▶ _Material provided_:

..............................

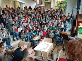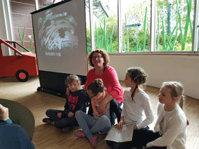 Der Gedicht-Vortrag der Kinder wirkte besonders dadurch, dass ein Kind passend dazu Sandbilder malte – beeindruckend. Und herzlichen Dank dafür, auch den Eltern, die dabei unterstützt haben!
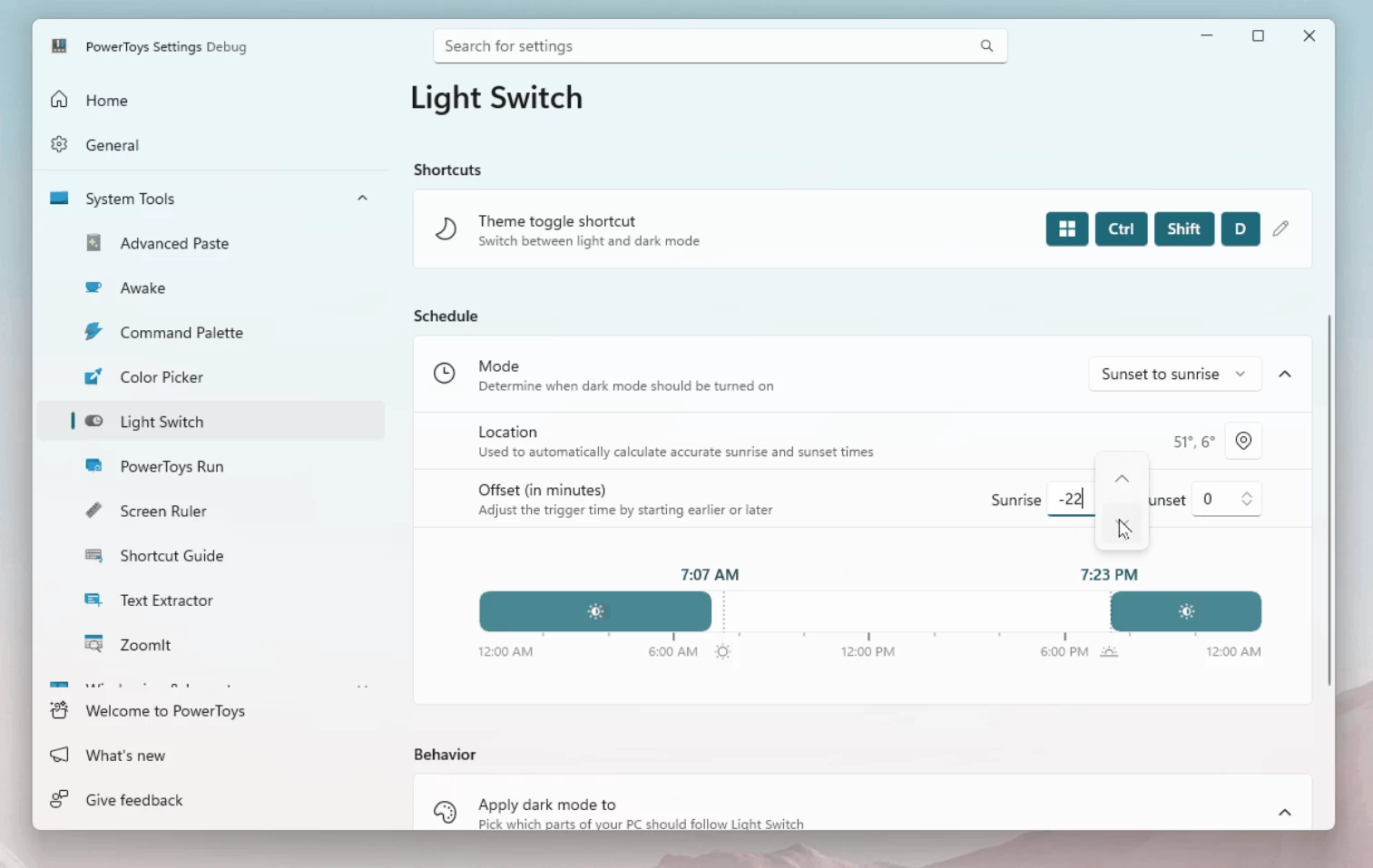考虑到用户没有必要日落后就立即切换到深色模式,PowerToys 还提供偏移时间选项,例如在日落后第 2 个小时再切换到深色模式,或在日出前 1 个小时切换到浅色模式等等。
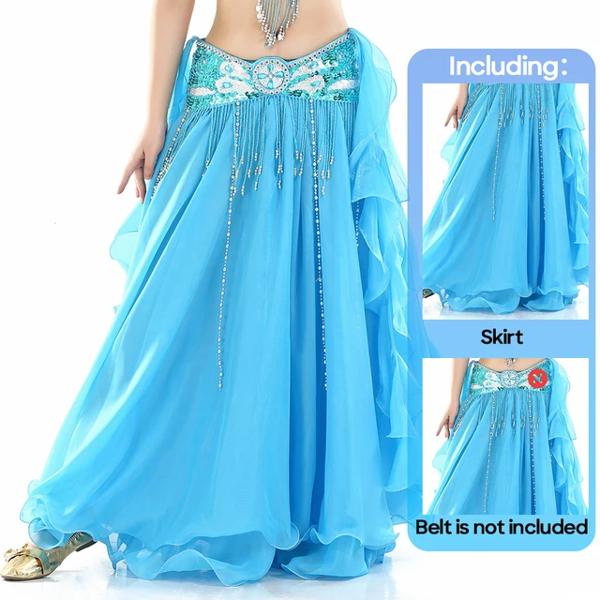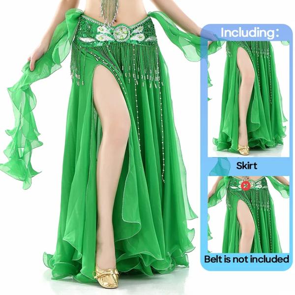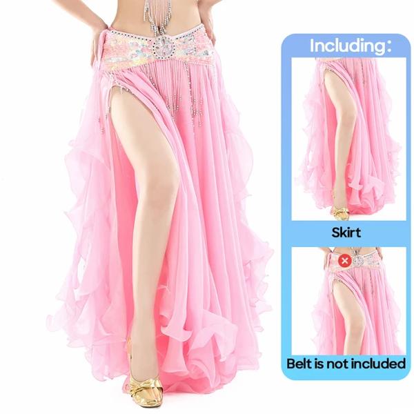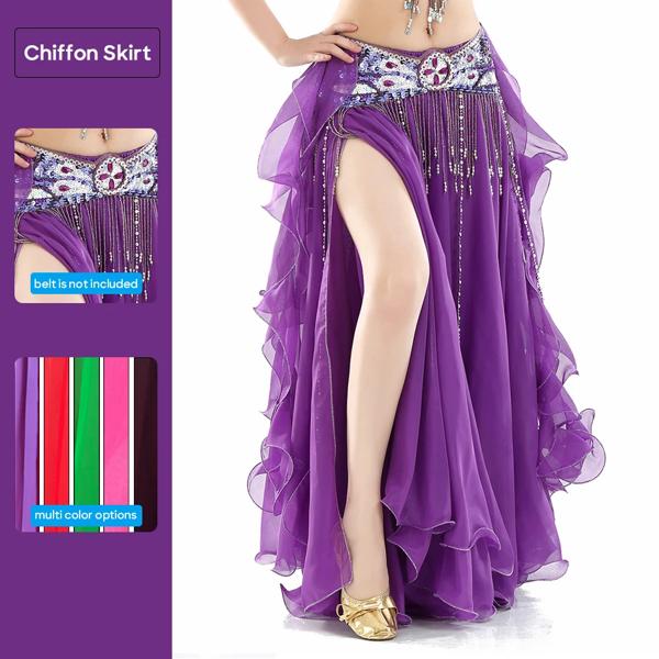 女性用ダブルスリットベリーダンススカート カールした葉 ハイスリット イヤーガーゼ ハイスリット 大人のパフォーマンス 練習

..............................

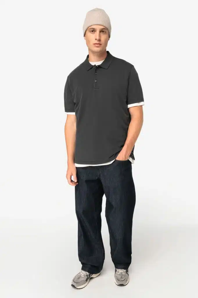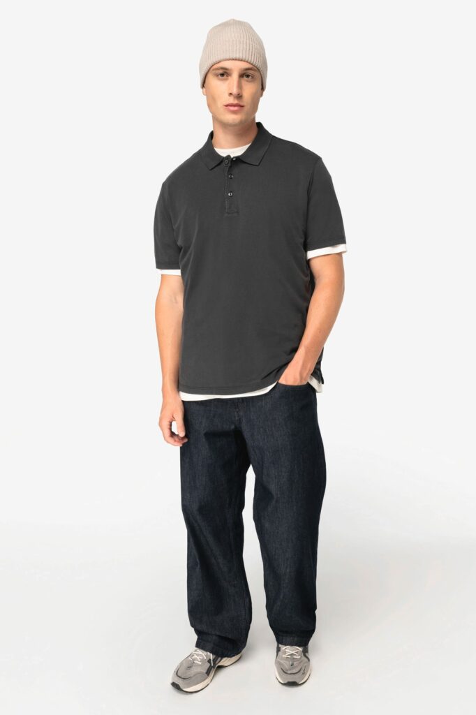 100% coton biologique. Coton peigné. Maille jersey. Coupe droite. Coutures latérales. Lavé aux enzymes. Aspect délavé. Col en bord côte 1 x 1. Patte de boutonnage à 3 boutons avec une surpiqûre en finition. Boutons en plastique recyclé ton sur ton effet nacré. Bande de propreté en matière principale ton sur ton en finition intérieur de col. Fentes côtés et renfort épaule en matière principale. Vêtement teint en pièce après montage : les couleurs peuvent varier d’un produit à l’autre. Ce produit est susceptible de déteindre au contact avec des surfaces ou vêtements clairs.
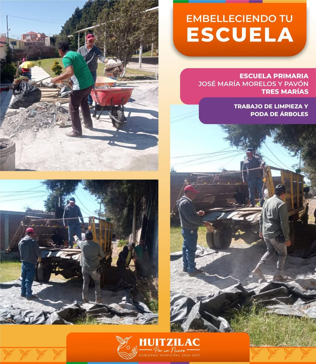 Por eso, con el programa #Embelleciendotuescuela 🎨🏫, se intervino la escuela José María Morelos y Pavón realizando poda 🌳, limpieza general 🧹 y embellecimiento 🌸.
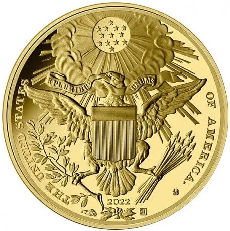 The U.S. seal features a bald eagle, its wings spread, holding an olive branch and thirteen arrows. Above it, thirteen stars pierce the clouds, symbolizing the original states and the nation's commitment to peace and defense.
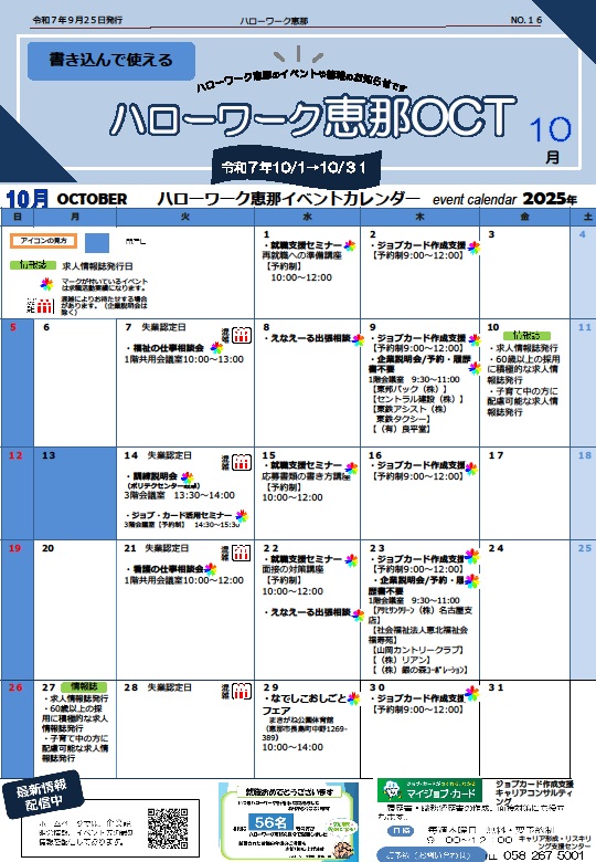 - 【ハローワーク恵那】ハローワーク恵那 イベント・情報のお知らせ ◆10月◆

..............................

▶ _Task brief_: Nothing but the lines above from the one that has "Der Gedicht-Vortrag der" down to the one that has "女性用ダブルスリットベリーダンススカート カールした葉 ハイスリット" belongs in the answer, copied exactly, without pictures.

▶ _Result of this task_:
 Der Gedicht-Vortrag der Kinder wirkte besonders dadurch, dass ein Kind passend dazu Sandbilder malte – beeindruckend. Und herzlichen Dank dafür, auch den Eltern, die dabei unterstützt haben!
考虑到用户没有必要日落后就立即切换到深色模式,PowerToys 还提供偏移时间选项,例如在日落后第 2 个小时再切换到深色模式,或在日出前 1 个小时切换到浅色模式等等。
 女性用ダブルスリットベリーダンススカート カールした葉 ハイスリット イヤーガーゼ ハイスリット 大人のパフォーマンス 練習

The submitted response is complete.